От кого Алекс Блант мог услышать про пещеру и про бойскаута Альфреда? Только от Селестины! Только ей я поведала о своих утренних приключениях.

И тут в голове у меня все прояснилось. Какая же я наивная! Селестина с самого начала была заодно с сатанистами. Там, на пляже, увидев, что я задремала, она пошла в подвал, чтобы вместе с Агатой отрепетировать ритуал. Селестина прихватила мою одежду, чтобы быть уверенной: голая, я буду сидеть на пляже и не сумею помешать ей. Тем не менее благодаря Альфреду я попала-таки в подвал. Что Селестине оставалось делать? Только притвориться одурманенной и убедить меня в том, что она потеряла память.

Нина Фарр нанимает частного детектива для того, чтобы он оберегал ее ненаглядную девочку от темных сил зла, и не подозревает, что эти темные силы заключены в самой дочери.

Если спасать Селестину, то только от одного человека — от самой себя.
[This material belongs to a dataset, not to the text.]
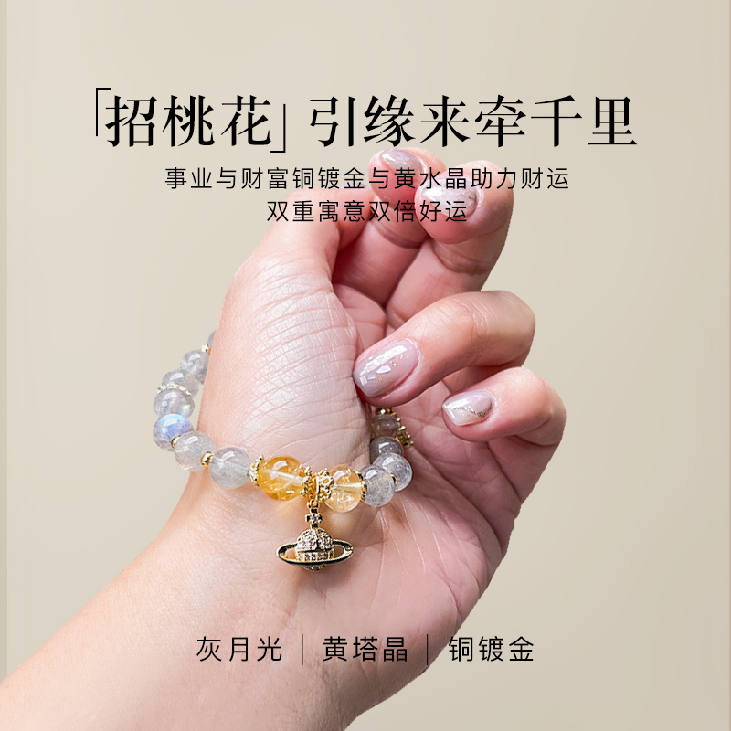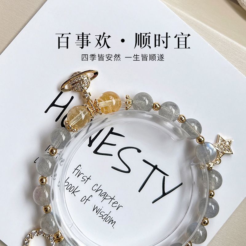 天然灰月光星月水晶手链女 轻奢小众高级感黄水晶手串铜镀金手饰
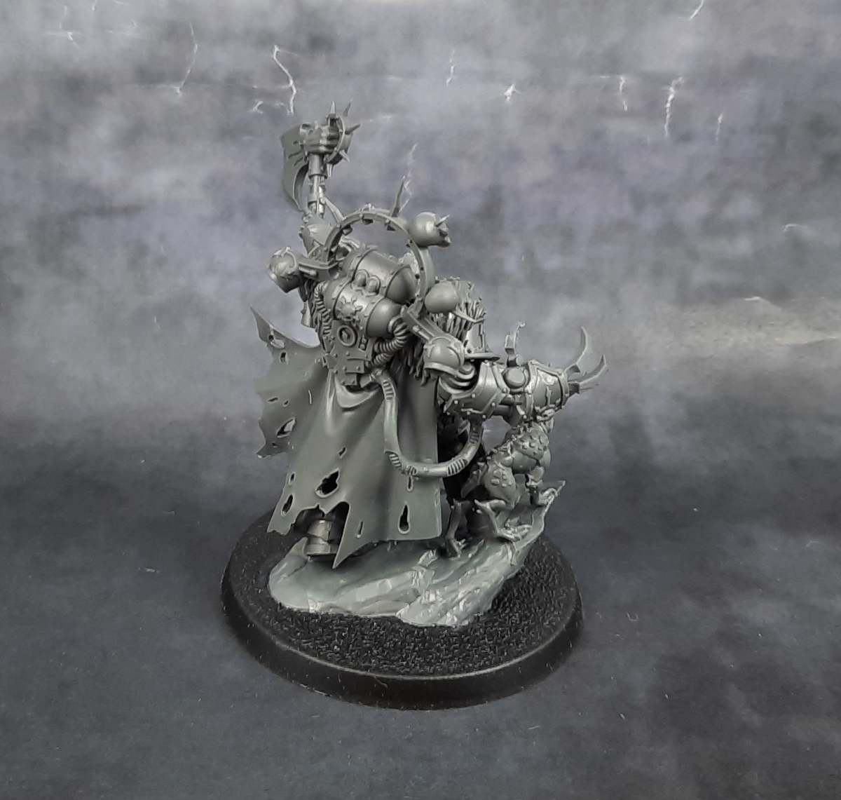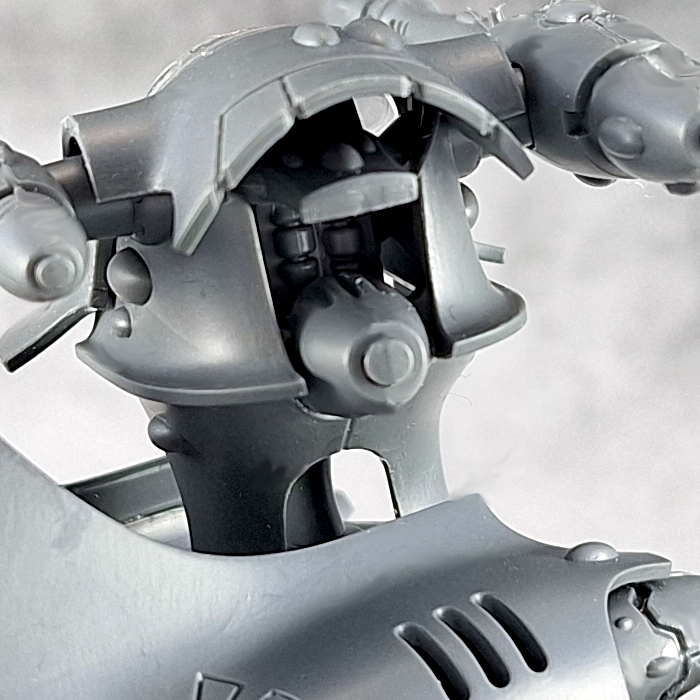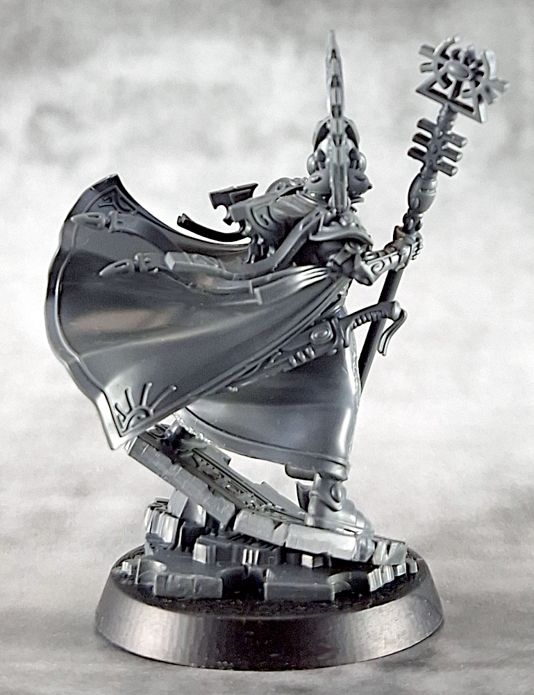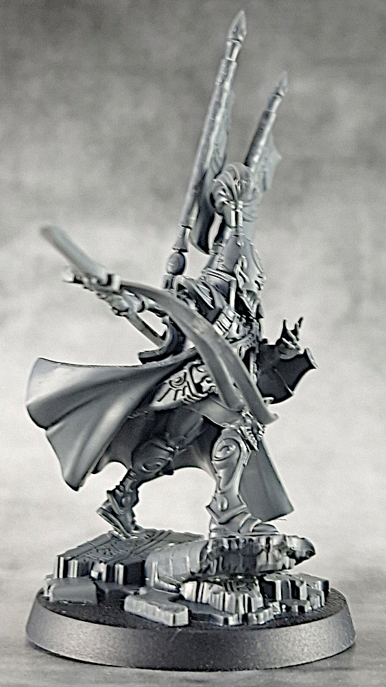 „Allträumer“ Kharseth (Wer hat das bitte übersetzt? „Chief Void Dreamer“ ist die Originalbezeichnung, falls es jemanden interessiert.) kommt ebenfalls in einem einzelnen Gussrahmen und mit einigen Aeldari-Ruinen daher, muss sich aber mit einer 32mm Base zufrieden geben. Auch hier geht der Zusammenbau gut on der Hand. Lediglich die kleinen Rückenfinnen und die beiden wehenden Bänder sind etwas fummelig. Hier gibt es keine Optionen.

А в подвале нарастало возбуждение. Уолтер прыгал козликом, мяукал и производил телом какие-то отвратительные движения. Берт, глядя на Селестину, ласкал Трейси. Алекс пускал слюни, и они текли по его подбородку на грудь. Свободная рука Алекса непроизвольно принялась гладить мое бедро и ногу. Это было так противно, что я снова рванулась, но Алекс крепко держал свою добычу. Мое сопротивление только распаляло его.

О Селестине я уже не думала. Как самой спастись? Как избежать унижения коллективного изнасилования? Если бы Алекс не держал меня, я бы давно уже выскользнула в коридор, из которого мы пришли в подвал, а там... Может, мне удалось бы добраться до своей комнаты или хотя бы попасть к Ахмеду на кухню.

Но как обмануть Алекса? Эта мысль прочно засела в моем мозгу. Краем глаза я наблюдала за хозяином дома и одновременно изображала крайнюю степень заинтересованности происходящим.

— Я готова! — возвестила Селестина. — Сейчас я лягу на алтарь и мысленно соединюсь с тем, кому должна принадлежать по праву. Мой повелитель, я иду к тебе! А вы можете взять меня. Делайте с моим телом все, что пожелаете. Так угодно Астароту. Так угодно мне. Отдаюсь ему!

Она простерлась на алтаре, разбросала руки и ноги в бесстыдной позе, прикрыла глаза. На черном бархате белое тело Селестины казалось фарфоровым.

— Алекс, — я прижалась к Бланту, — почему вы решили начать с Селестины, а не с меня?

— Что? Повтори!

Он даже не повернул ко мне свою «бычью голову», завороженный белизной груди и бедер на черном алтаре. Я повторила, якобы обиженно:

— Почему Селестина первая? Ей достанется больше удовольствий, чем мне.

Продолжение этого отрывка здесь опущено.